→ ABOUT THIS EXERCISE: Each record that follows is to be transcribed exactly, excluding its images.

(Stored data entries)
▬▬▬▬▬▬
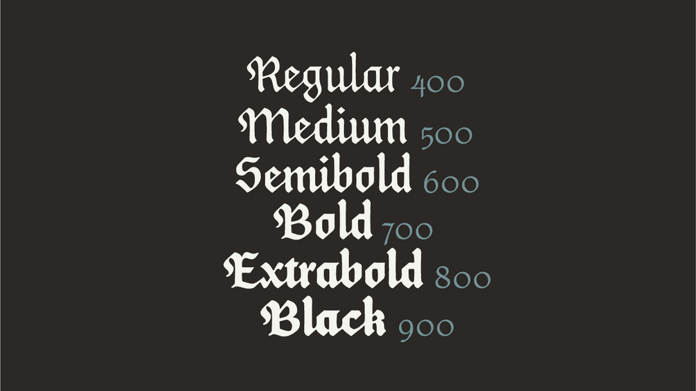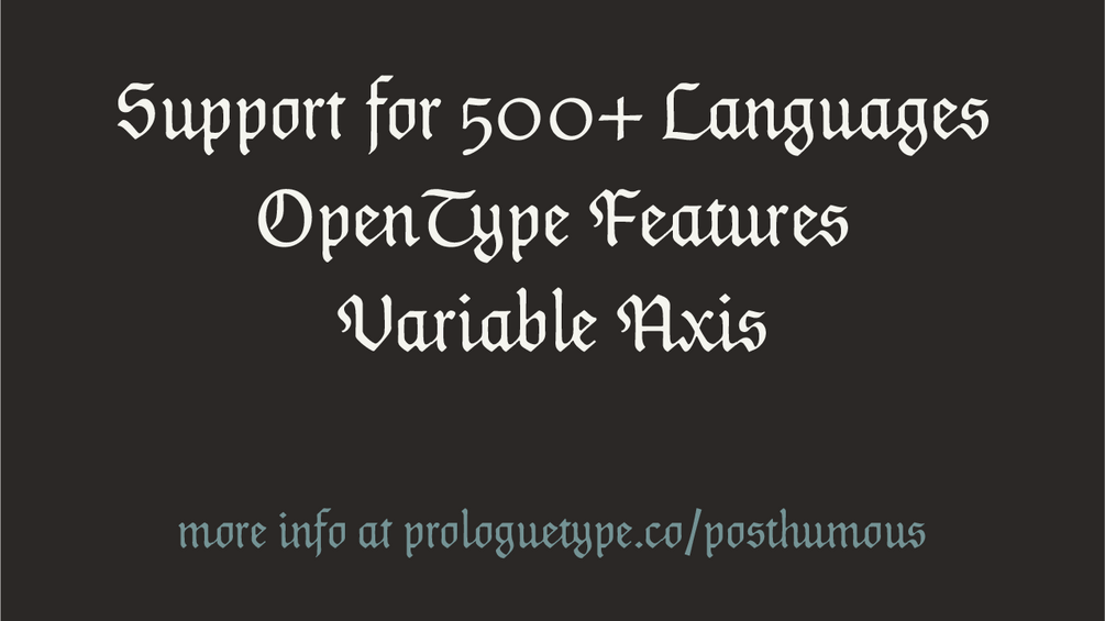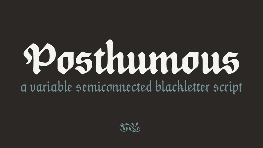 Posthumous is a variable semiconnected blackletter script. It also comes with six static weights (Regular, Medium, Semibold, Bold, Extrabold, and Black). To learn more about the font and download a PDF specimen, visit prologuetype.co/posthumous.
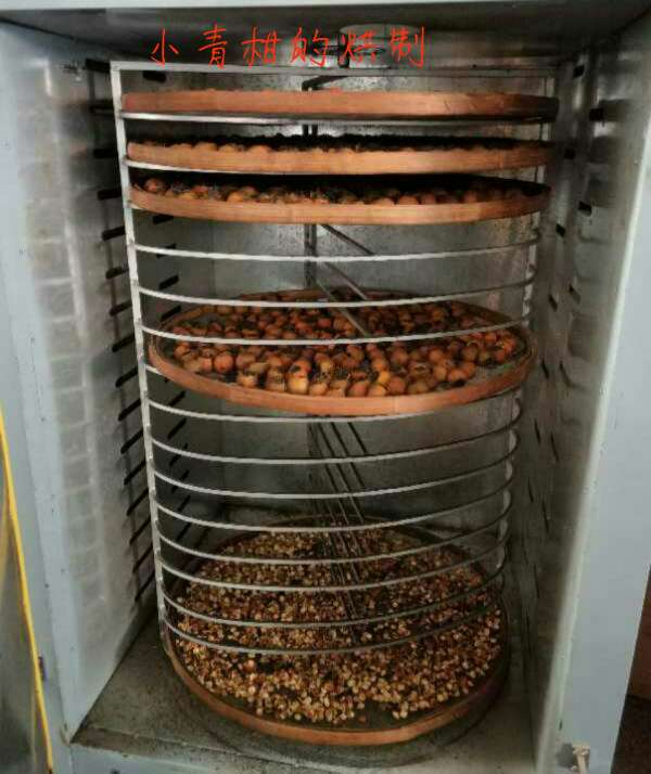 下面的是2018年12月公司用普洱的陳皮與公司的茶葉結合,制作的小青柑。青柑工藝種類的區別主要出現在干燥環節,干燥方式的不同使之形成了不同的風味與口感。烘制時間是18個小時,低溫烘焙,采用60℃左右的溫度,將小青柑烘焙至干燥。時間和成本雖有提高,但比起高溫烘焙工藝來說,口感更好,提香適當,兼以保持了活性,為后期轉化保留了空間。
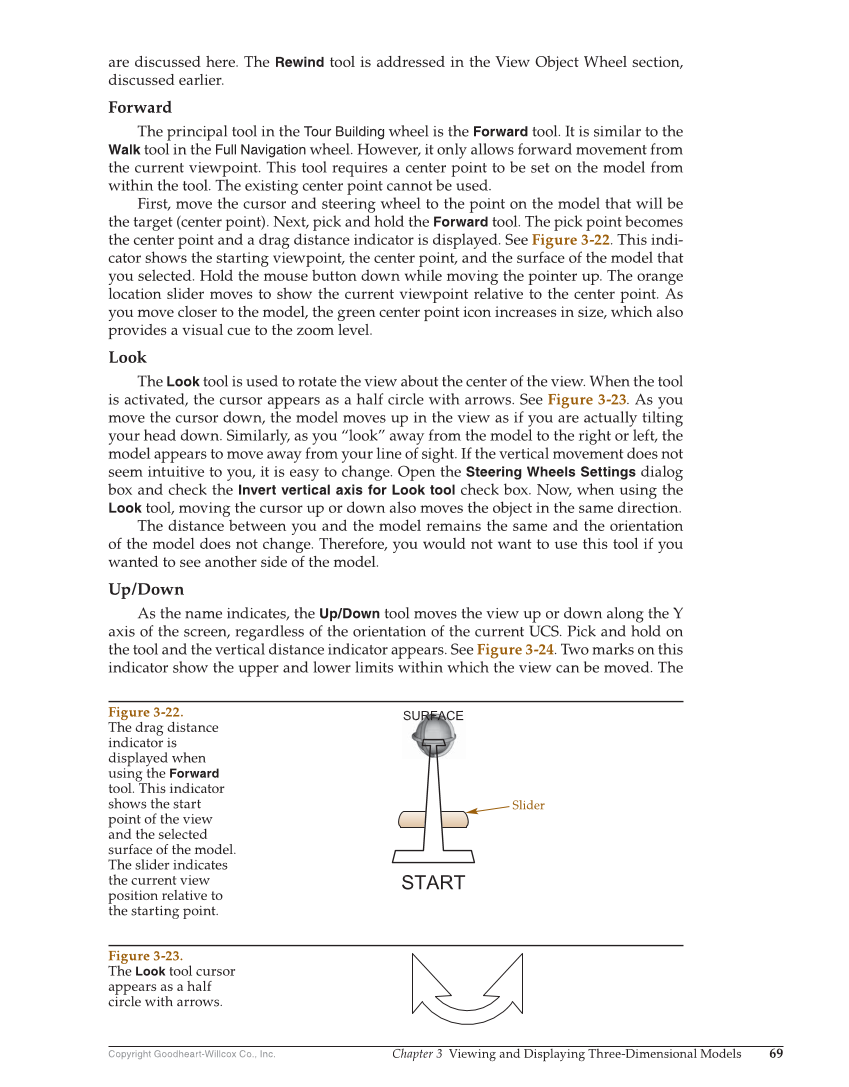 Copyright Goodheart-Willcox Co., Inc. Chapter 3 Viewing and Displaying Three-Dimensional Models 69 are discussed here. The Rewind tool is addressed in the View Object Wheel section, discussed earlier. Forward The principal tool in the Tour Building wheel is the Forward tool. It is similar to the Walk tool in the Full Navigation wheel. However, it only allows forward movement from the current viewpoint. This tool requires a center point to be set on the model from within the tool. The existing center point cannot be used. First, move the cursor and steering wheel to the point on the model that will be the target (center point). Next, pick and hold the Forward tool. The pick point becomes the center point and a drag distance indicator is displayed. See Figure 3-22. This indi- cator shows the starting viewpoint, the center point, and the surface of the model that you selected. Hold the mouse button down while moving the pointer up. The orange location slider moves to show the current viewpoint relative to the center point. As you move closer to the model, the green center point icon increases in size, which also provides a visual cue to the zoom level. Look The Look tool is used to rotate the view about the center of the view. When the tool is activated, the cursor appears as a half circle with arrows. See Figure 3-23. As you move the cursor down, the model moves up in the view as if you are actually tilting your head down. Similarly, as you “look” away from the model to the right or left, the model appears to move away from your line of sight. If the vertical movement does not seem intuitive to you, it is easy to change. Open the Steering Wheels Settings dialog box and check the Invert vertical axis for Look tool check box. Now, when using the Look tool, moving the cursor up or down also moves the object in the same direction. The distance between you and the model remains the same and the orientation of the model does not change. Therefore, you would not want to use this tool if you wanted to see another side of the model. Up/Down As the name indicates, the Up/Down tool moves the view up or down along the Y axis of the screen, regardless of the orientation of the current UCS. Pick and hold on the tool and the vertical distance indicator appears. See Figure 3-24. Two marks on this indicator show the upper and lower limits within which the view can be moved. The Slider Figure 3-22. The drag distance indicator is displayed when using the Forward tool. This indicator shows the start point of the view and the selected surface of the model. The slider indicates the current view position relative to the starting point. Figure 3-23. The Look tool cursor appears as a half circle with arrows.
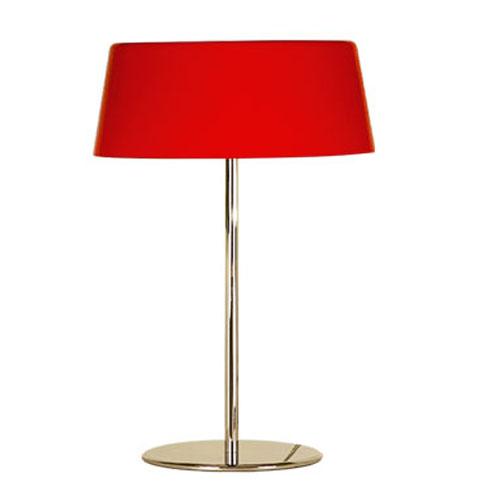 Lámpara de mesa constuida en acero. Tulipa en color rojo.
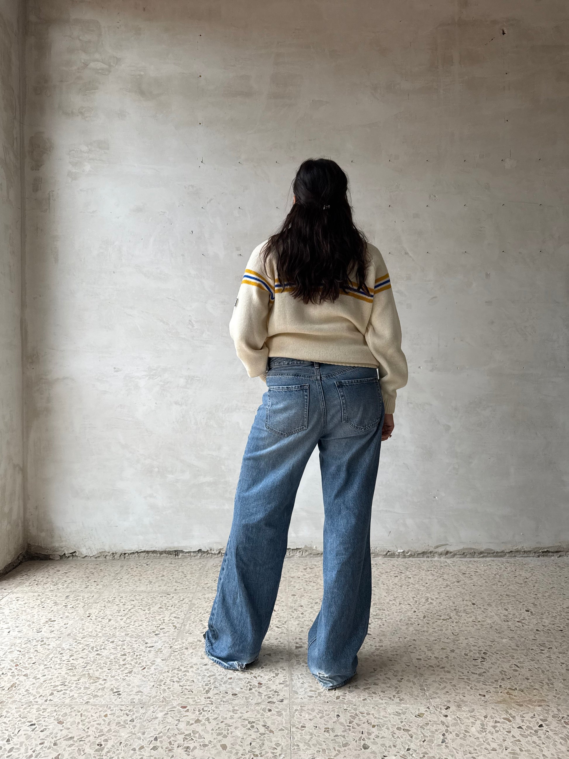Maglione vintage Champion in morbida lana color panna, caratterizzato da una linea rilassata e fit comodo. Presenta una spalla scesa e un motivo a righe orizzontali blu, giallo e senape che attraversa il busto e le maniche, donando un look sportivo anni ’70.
▬▬▬▬▬▬
→ RESULT OF THIS EXERCISE:
 Posthumous is a variable semiconnected blackletter script. It also comes with six static weights (Regular, Medium, Semibold, Bold, Extrabold, and Black). To learn more about the font and download a PDF specimen, visit prologuetype.co/posthumous.
 下面的是2018年12月公司用普洱的陳皮與公司的茶葉結合,制作的小青柑。青柑工藝種類的區別主要出現在干燥環節,干燥方式的不同使之形成了不同的風味與口感。烘制時間是18個小時,低溫烘焙,采用60℃左右的溫度,將小青柑烘焙至干燥。時間和成本雖有提高,但比起高溫烘焙工藝來說,口感更好,提香適當,兼以保持了活性,為后期轉化保留了空間。
 Copyright Goodheart-Willcox Co., Inc. Chapter 3 Viewing and Displaying Three-Dimensional Models 69 are discussed here. The Rewind tool is addressed in the View Object Wheel section, discussed earlier. Forward The principal tool in the Tour Building wheel is the Forward tool. It is similar to the Walk tool in the Full Navigation wheel. However, it only allows forward movement from the current viewpoint. This tool requires a center point to be set on the model from within the tool. The existing center point cannot be used. First, move the cursor and steering wheel to the point on the model that will be the target (center point). Next, pick and hold the Forward tool. The pick point becomes the center point and a drag distance indicator is displayed. See Figure 3-22. This indi- cator shows the starting viewpoint, the center point, and the surface of the model that you selected. Hold the mouse button down while moving the pointer up. The orange location slider moves to show the current viewpoint relative to the center point. As you move closer to the model, the green center point icon increases in size, which also provides a visual cue to the zoom level. Look The Look tool is used to rotate the view about the center of the view. When the tool is activated, the cursor appears as a half circle with arrows. See Figure 3-23. As you move the cursor down, the model moves up in the view as if you are actually tilting your head down. Similarly, as you “look” away from the model to the right or left, the model appears to move away from your line of sight. If the vertical movement does not seem intuitive to you, it is easy to change. Open the Steering Wheels Settings dialog box and check the Invert vertical axis for Look tool check box. Now, when using the Look tool, moving the cursor up or down also moves the object in the same direction. The distance between you and the model remains the same and the orientation of the model does not change. Therefore, you would not want to use this tool if you wanted to see another side of the model. Up/Down As the name indicates, the Up/Down tool moves the view up or down along the Y axis of the screen, regardless of the orientation of the current UCS. Pick and hold on the tool and the vertical distance indicator appears. See Figure 3-24. Two marks on this indicator show the upper and lower limits within which the view can be moved. The Slider Figure 3-22. The drag distance indicator is displayed when using the Forward tool. This indicator shows the start point of the view and the selected surface of the model. The slider indicates the current view position relative to the starting point. Figure 3-23. The Look tool cursor appears as a half circle with arrows.
 Lámpara de mesa constuida en acero. Tulipa en color rojo.
Maglione vintage Champion in morbida lana color panna, caratterizzato da una linea rilassata e fit comodo. Presenta una spalla scesa e un motivo a righe orizzontali blu, giallo e senape che attraversa il busto e le maniche, donando un look sportivo anni ’70.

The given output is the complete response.